__What you should do__
Starting at the first line of the data below, retype every line up to and including the one containing "Pull Col Rond".

__Data section__
[Start of Attachment]

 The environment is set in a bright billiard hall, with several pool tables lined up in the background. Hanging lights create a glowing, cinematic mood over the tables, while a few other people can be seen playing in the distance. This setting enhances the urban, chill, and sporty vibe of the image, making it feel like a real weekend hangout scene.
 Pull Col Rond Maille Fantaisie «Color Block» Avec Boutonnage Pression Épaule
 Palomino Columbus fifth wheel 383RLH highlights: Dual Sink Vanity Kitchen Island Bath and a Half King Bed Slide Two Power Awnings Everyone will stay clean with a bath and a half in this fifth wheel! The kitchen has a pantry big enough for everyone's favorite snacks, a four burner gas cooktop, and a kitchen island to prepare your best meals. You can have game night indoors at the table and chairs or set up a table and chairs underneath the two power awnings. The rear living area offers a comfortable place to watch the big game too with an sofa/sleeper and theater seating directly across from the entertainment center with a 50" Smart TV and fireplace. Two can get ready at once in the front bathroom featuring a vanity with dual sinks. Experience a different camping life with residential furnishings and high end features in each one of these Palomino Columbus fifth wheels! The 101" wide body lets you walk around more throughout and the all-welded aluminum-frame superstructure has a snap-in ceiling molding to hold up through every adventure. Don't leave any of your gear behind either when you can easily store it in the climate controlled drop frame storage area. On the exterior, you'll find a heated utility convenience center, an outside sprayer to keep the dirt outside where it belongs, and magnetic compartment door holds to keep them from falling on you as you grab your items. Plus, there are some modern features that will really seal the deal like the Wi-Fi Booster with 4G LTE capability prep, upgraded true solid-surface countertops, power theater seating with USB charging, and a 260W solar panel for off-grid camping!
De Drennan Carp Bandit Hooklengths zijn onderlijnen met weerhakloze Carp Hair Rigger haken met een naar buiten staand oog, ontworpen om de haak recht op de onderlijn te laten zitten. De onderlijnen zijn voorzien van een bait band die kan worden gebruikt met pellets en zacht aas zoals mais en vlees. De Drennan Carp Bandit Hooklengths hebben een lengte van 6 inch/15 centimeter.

[End of Attachment]

__Solution__
 The environment is set in a bright billiard hall, with several pool tables lined up in the background. Hanging lights create a glowing, cinematic mood over the tables, while a few other people can be seen playing in the distance. This setting enhances the urban, chill, and sporty vibe of the image, making it feel like a real weekend hangout scene.
 Pull Col Rond Maille Fantaisie «Color Block» Avec Boutonnage Pression Épaule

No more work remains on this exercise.